18000285. TRAINING MASKED AUTOENCODERS FOR IMAGE INPAINTING simplified abstract (Microsoft Technology Licensing, LLC)
TRAINING MASKED AUTOENCODERS FOR IMAGE INPAINTING
Organization Name
Microsoft Technology Licensing, LLC
Inventor(s)
Dongdong Chen of Redmond WA (US)
TRAINING MASKED AUTOENCODERS FOR IMAGE INPAINTING - A simplified explanation of the abstract
This abstract first appeared for US patent application 18000285 titled 'TRAINING MASKED AUTOENCODERS FOR IMAGE INPAINTING
The abstract describes a method for training an encoder network to inpaint images with masked portions. The process involves encoding a visible portion of a masked input image, decoding it into pixel regression output and feature prediction output, and determining losses to train the encoding process.
- Encoder network trained to inpaint images with masked portions
- Encoding process encodes visible portion of masked input image into token data
- Decoded token data used to generate pixel regression output and feature prediction output
- Pixel regression loss calculated using pixel regression output and unmasked image data
- Feature prediction loss calculated using feature prediction output and ground truth encoding output
- Training process focuses on encoding structural features of input images into token data
Potential Applications: - Image editing software - Forensic analysis tools - Medical imaging technology
Problems Solved: - Efficiently inpainting images with missing portions - Enhancing image editing capabilities - Improving image analysis accuracy
Benefits: - Enhanced image restoration capabilities - Improved image processing efficiency - Increased accuracy in image analysis tasks
Commercial Applications: Title: Advanced Image Inpainting Technology for Various Industries This technology can be utilized in industries such as: - Photography - Graphic design - Medical imaging
Questions about Image Inpainting Technology: 1. How does this technology improve image editing processes?

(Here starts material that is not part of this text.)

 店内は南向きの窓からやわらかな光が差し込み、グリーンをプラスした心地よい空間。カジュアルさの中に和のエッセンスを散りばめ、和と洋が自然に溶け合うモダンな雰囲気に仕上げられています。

This technology enhances image editing processes by efficiently inpainting missing portions of images, resulting in seamless edits.
2. What are the potential applications of this technology in the medical field?

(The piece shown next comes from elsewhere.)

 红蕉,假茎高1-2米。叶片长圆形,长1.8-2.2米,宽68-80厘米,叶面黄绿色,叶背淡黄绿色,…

This technology can be used in medical imaging to enhance diagnostic accuracy by inpainting missing areas in medical images.

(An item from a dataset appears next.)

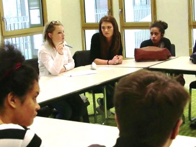 (Vidéo : Le débat final - Lieu: salle des actes du Lycée du Pays de Retz, 1 rue Georges Charpak, Pornic Date: jeudi 12 novembre au matin Élèves visibles à l'image de gauche à droite (en gras ceux qui prennent la parole): Tamara Lebon (de dos), Eva Guérin, Loann Kermarec, Bruna Jeannot, Coralye Cordon, Gwendoline Gauven, Manuella Le Valligant, Julia Feuvry, Camille Etrillard, Marie Mahé, Amy Ly, Inès Bruneau, Lucie Kleiber, Morgane Leveau et Manon Dauloudet (debout), Goulwen Kerneguez, Amélie Huet; les autres élèves sont de dos et n'ont pas de visages visibles : Théo Bernier, Clarisse Crain, Elizaveta Gorobets, Loona Nogues.)

Original Abstract Submitted
The disclosure herein describes training an encoder network to inpaint images with masked portions. A primary encoding process is used to encode a visible portion of a masked input image into encoded token data. The encoded token data is then decoded into both pixel regression output and feature prediction output, wherein both outputs include inpainted image data associated with the masked portion of the masked input image. A pixel regression loss is determined using the pixel regression output and pixel data of an unmasked version of the masked input image. A feature prediction loss is determined using the feature prediction output and ground truth encoding output of the unmasked version of the masked input image. The primary encoding process is then trained using the pixel regression loss and the feature prediction loss, whereby the primary encoding process is trained to encode structural features of input images into encoded token data.